Boonen, seeking to cement his place in cycling legend, is off the front having attacked with 50 kilometres to go and, as he enters the start of the Carréfour, some 2 kms away, he has about 55 seconds of a gap over his pursuers. If he pulls this off it will remarkable.
More frequent now the traffic passes, headlights shine brightly through the dusty murk, the odd drop of rain begins to fall; horns blare, a woman puts her hands over her ears. I’ve moved and can no longer see the screen, I don’t need to. Above the cloud of brown dust two helicopters swoop, noisily dipping and diving, their noses point to the ground as they race to find the next vantage point for the viewer sat in his living room, gripped by the drama. The side of the road is crowded now, two or three deep, all of us peering down the road, trying to see through the wall of humanity and between oncoming vehicles, cameras primed.
Boonen powers on
Then he’s there. His face crusted with dust, his mouth open, gasping, eyes show concentration and fatigue. The crowd lean into his space, shouting their support, he can’t fail to hear, to be spurred on by them. He slows, leans his bike round the corner, then is gone towards his glorious fate. 

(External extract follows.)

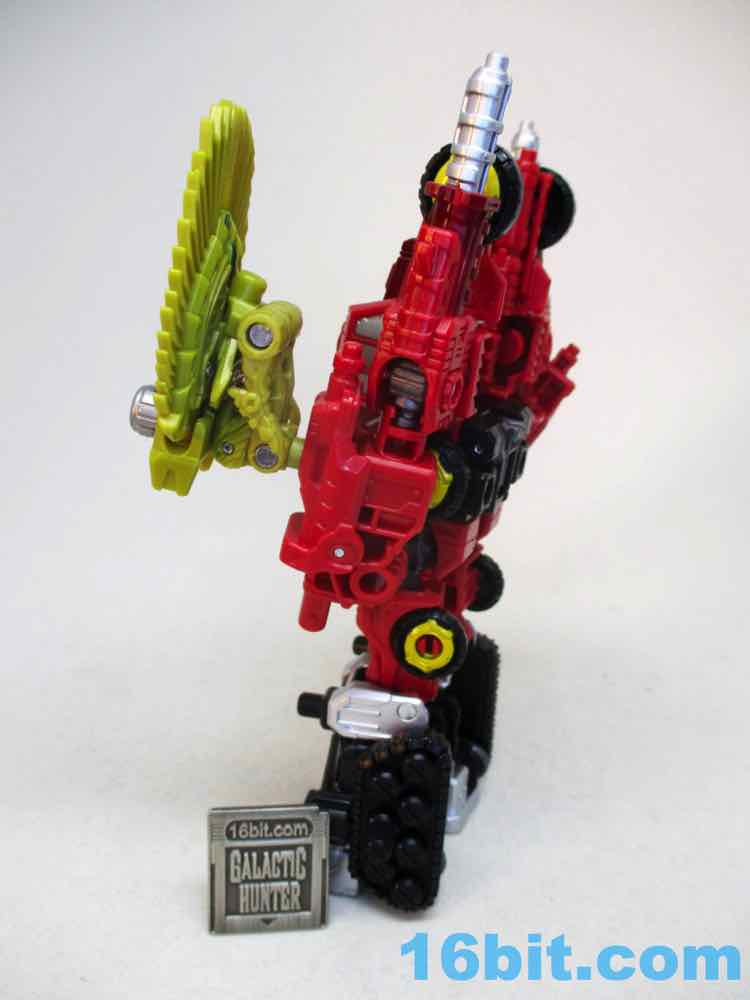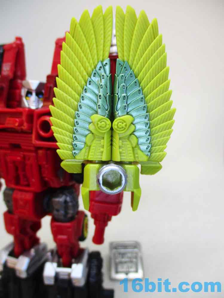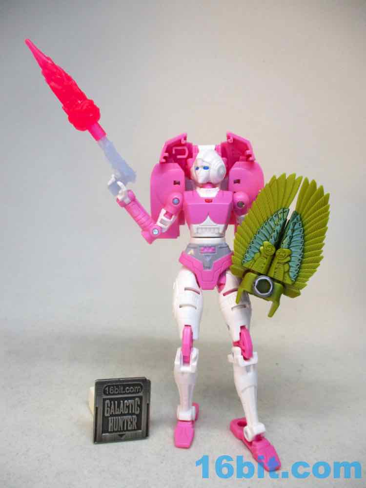 Transforming the figure is pretty easy, but you might want to look at the instructions to get to the shieldy and blastery modes. The first mode they show is a shield with a blaster at the bottom - sort of a feathery riot shield. The green highlights really shine here, and you can pop blast effects in that 5mm hole. It's kind of amazing and a weird toy if you think about it - the kid line doesn't include any such blast effects, so the only buyers likely to get anything out of that particular design are collectors who have other toys from recent years. Thanks to the 5mm handle, pretty much any toy you've bought recently from Transformers is likely to be able to use this as an accessory. It holds together quite nicely.

Other riders approach, the line of spectators at the roadside ripples like a Mexican wave as they lean back, avoiding the riders who pass so close you have to try not to touch them. No other sport allows such closeness to its heroes. This happens over and over, the cheers and support imperceptibly diminishing as the lower order rides by, their commitment no less than Boonen himself, their position not reflecting the work they have put in. Ramon Sinkeldam and Reto Hollenstein ride past us. Dusty and tired, they glance up at the giant screen to see Boonen, hugging his Directeur Sportif, victorious, in the Roubaix velodrome 15 kilometers down the road. They ignore the winner and ride on, like the fans ignoring them, drifting away to their cars. Both finish together, outside the time limit, their day’s ride will count for nothing. No one will remember their heroics.
Paris-Roubaix is an anachronism, a contradiction; modern bicycles worth thousands ridden by modern athletes, thunder across roads from another age, accompanied by literally hundreds of cars and motorbikes full of people, who broadcast the day’s events across the World as it happens. That this race has remained, survived, through globalisation, modernisation and in spite of sense is glorious. It remains a challenge that thousands come to witness and fewer battle through, giving their all, like Hollenstein and Sinkeldam, to play an often tiny part in the history of a truly great event. If this race is the Queen of the Classics, long live the Queen.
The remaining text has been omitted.